__What you need to do__.
Quote the listing below in its entirety, omitting every image.

__Dataset content__.
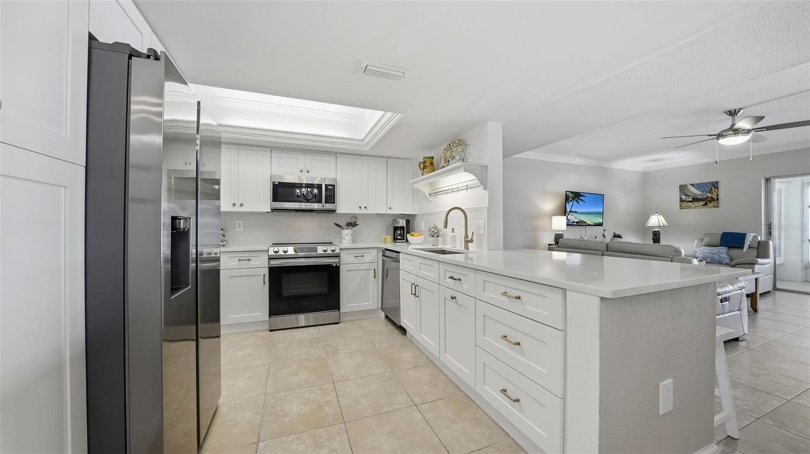 Welcome to effortless coastal living in this beautifully UPDATED second floor midrise residence in the premier GULF FRONT property of Whispering Sands! Designed with an OPEN CONCEPT floor plan, this light-filled condo showcases a bright, sophisticated 2023/2024 REMODELED kitchen featuring quartz countertops, stainless Samsung appliances, an impressive 8' breakfast bar with seating for 3, soft close cabinetry, and recessed lighting—all complemented by an elegant uplit tray ceiling. A true highlight is the expansive 29' x 8' lanai stretching the full length of the residence—offering an inviting extension of the living space ideal for relaxing, dining, or working from home, complete with hurricane impact sliders for total peace of mind. Both bathrooms have been tastefully updated with granite countertops and tiled, glass-enclosed walk-in showers, while ceiling fans and crown molding add comfort and sophistication throughout the unit. Beyond the residence, Whispering Sands offers true resort-style living in a premier Gulf front setting. Spend your days lounging on your private beach, taking a refreshing swim in one of two heated pools, an invigorating workout in the gym, or enjoying the vibrant social atmosphere of the clubhouse just steps from your door. Whether it’s a peaceful morning walk along the shoreline or a sunset gathering with neighbors, every day feels like a vacation. Perfectly positioned just steps from the clubhouse—currently undergoing complete remodeling in 2026—and pool, and a short stroll along the sidewalk to your 800' of your own private beach, this residence embodies the very best of resort style living. Ideally located just around the corner from the boutiques and restaurants of Siesta Key Village, you'll enjoy the perfect balance of relaxed beachfront living and easy access to dining, entertainment and island charm. Move right in and start enjoying the easy island lifestyle you’ve been dreaming of!
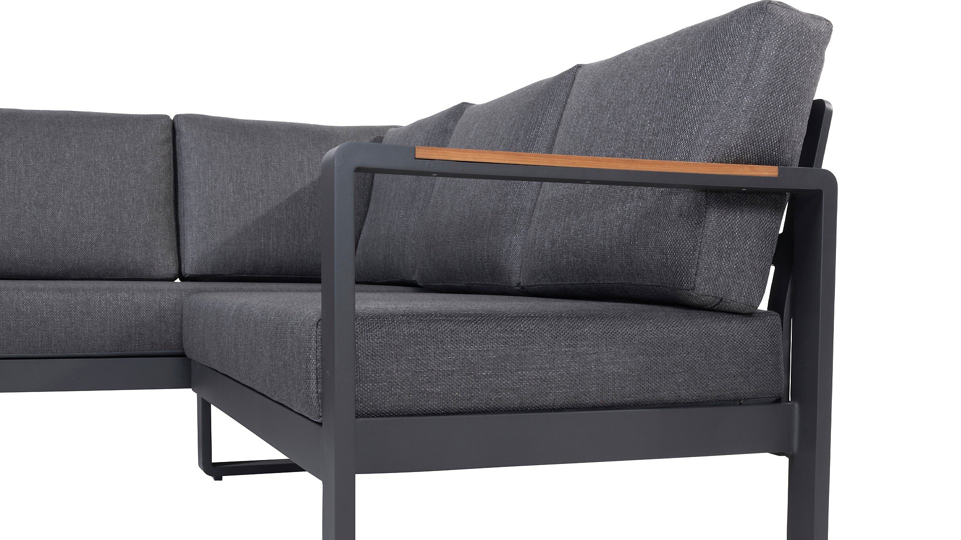 The Taste by 4 Seasons Amari lounge set is a modern platform lounge set with a sleek design. The set is available with either a corner table or a cushion corner; the advantage of the enclosed cushion corner is that the set has an extra seating area. And you can comfortably lounge with your legs on the couch from the corner! The color combination of teak wood and aluminum provides a fantastic appearance. The modern design, high-quality materials, and exceptionally good seating comfort are the hallmarks of the Taste 4 Seasons Outdoor Amari Lounge Set.
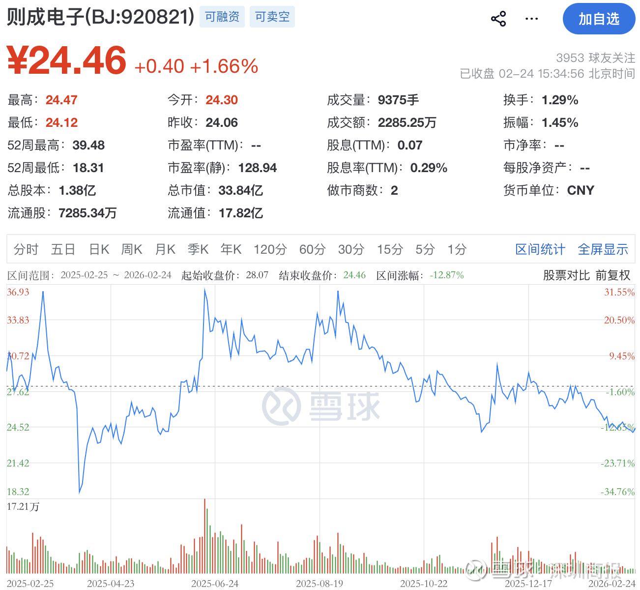 二级市场上,截至2月24日收盘,则成电子上涨1.66%报24.46元/股,总市值为33.84亿元。

__Task output__.
 Welcome to effortless coastal living in this beautifully UPDATED second floor midrise residence in the premier GULF FRONT property of Whispering Sands! Designed with an OPEN CONCEPT floor plan, this light-filled condo showcases a bright, sophisticated 2023/2024 REMODELED kitchen featuring quartz countertops, stainless Samsung appliances, an impressive 8' breakfast bar with seating for 3, soft close cabinetry, and recessed lighting—all complemented by an elegant uplit tray ceiling. A true highlight is the expansive 29' x 8' lanai stretching the full length of the residence—offering an inviting extension of the living space ideal for relaxing, dining, or working from home, complete with hurricane impact sliders for total peace of mind. Both bathrooms have been tastefully updated with granite countertops and tiled, glass-enclosed walk-in showers, while ceiling fans and crown molding add comfort and sophistication throughout the unit. Beyond the residence, Whispering Sands offers true resort-style living in a premier Gulf front setting. Spend your days lounging on your private beach, taking a refreshing swim in one of two heated pools, an invigorating workout in the gym, or enjoying the vibrant social atmosphere of the clubhouse just steps from your door. Whether it’s a peaceful morning walk along the shoreline or a sunset gathering with neighbors, every day feels like a vacation. Perfectly positioned just steps from the clubhouse—currently undergoing complete remodeling in 2026—and pool, and a short stroll along the sidewalk to your 800' of your own private beach, this residence embodies the very best of resort style living. Ideally located just around the corner from the boutiques and restaurants of Siesta Key Village, you'll enjoy the perfect balance of relaxed beachfront living and easy access to dining, entertainment and island charm. Move right in and start enjoying the easy island lifestyle you’ve been dreaming of!
 The Taste by 4 Seasons Amari lounge set is a modern platform lounge set with a sleek design. The set is available with either a corner table or a cushion corner; the advantage of the enclosed cushion corner is that the set has an extra seating area. And you can comfortably lounge with your legs on the couch from the corner! The color combination of teak wood and aluminum provides a fantastic appearance. The modern design, high-quality materials, and exceptionally good seating comfort are the hallmarks of the Taste 4 Seasons Outdoor Amari Lounge Set.
 二级市场上,截至2月24日收盘,则成电子上涨1.66%报24.46元/股,总市值为33.84亿元。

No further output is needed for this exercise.